-- Exercise instructions --
What you return must match the entries exactly, except that the pictures are gone.

-- Task inputs --

┏━━

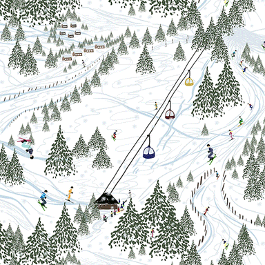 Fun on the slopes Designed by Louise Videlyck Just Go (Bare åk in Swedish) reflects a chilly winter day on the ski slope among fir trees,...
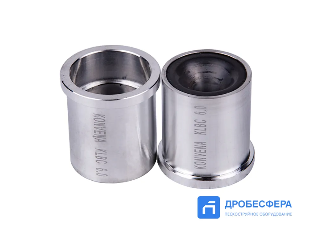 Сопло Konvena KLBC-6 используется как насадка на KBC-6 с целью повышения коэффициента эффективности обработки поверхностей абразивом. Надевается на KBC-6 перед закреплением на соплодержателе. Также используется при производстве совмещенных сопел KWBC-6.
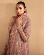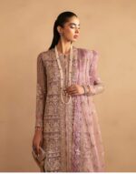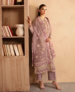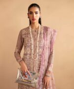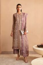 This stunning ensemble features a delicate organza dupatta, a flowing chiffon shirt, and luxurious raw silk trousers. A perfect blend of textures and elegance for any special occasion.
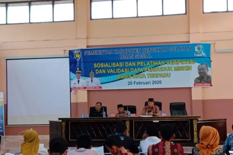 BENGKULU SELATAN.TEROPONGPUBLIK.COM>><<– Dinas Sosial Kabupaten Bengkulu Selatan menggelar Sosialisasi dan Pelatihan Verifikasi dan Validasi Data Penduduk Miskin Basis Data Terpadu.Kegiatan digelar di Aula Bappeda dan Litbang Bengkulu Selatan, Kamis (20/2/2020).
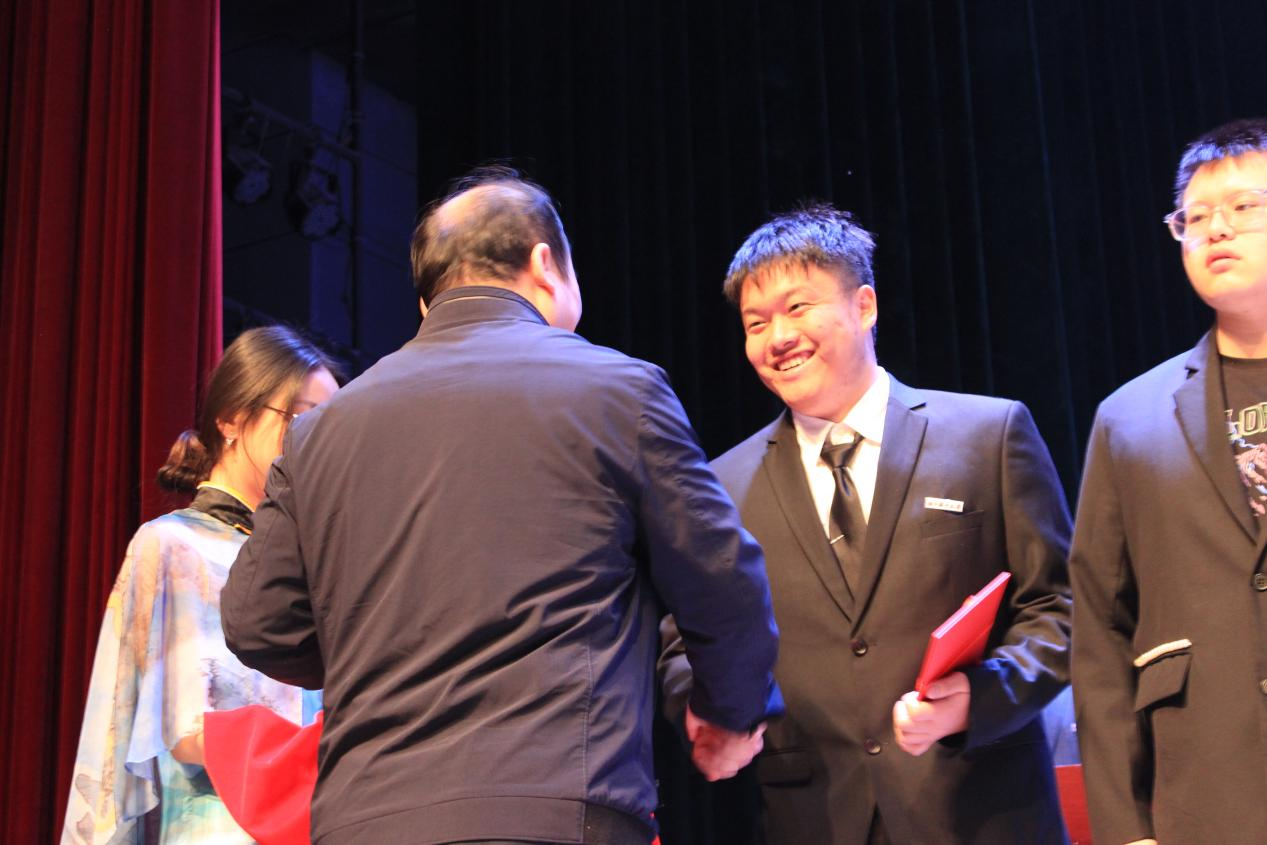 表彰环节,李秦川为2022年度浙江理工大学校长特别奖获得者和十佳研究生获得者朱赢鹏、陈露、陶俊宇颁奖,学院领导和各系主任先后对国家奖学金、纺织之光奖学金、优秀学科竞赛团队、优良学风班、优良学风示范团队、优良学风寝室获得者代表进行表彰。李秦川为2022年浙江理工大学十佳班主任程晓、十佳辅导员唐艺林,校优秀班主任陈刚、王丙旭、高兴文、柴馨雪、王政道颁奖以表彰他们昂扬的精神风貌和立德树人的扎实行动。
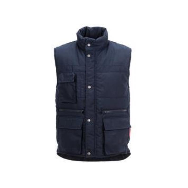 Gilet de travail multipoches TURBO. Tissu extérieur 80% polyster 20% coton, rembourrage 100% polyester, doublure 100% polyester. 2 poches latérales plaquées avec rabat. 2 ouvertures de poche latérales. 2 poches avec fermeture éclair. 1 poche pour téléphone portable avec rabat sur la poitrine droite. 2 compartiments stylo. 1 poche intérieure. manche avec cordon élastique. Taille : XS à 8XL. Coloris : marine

┗━━

-- Solution --
 Fun on the slopes Designed by Louise Videlyck Just Go (Bare åk in Swedish) reflects a chilly winter day on the ski slope among fir trees,...
 Сопло Konvena KLBC-6 используется как насадка на KBC-6 с целью повышения коэффициента эффективности обработки поверхностей абразивом. Надевается на KBC-6 перед закреплением на соплодержателе. Также используется при производстве совмещенных сопел KWBC-6.
 This stunning ensemble features a delicate organza dupatta, a flowing chiffon shirt, and luxurious raw silk trousers. A perfect blend of textures and elegance for any special occasion.
 BENGKULU SELATAN.TEROPONGPUBLIK.COM>><<– Dinas Sosial Kabupaten Bengkulu Selatan menggelar Sosialisasi dan Pelatihan Verifikasi dan Validasi Data Penduduk Miskin Basis Data Terpadu.Kegiatan digelar di Aula Bappeda dan Litbang Bengkulu Selatan, Kamis (20/2/2020).
 表彰环节,李秦川为2022年度浙江理工大学校长特别奖获得者和十佳研究生获得者朱赢鹏、陈露、陶俊宇颁奖,学院领导和各系主任先后对国家奖学金、纺织之光奖学金、优秀学科竞赛团队、优良学风班、优良学风示范团队、优良学风寝室获得者代表进行表彰。李秦川为2022年浙江理工大学十佳班主任程晓、十佳辅导员唐艺林,校优秀班主任陈刚、王丙旭、高兴文、柴馨雪、王政道颁奖以表彰他们昂扬的精神风貌和立德树人的扎实行动。
 Gilet de travail multipoches TURBO. Tissu extérieur 80% polyster 20% coton, rembourrage 100% polyester, doublure 100% polyester. 2 poches latérales plaquées avec rabat. 2 ouvertures de poche latérales. 2 poches avec fermeture éclair. 1 poche pour téléphone portable avec rabat sur la poitrine droite. 2 compartiments stylo. 1 poche intérieure. manche avec cordon élastique. Taille : XS à 8XL. Coloris : marine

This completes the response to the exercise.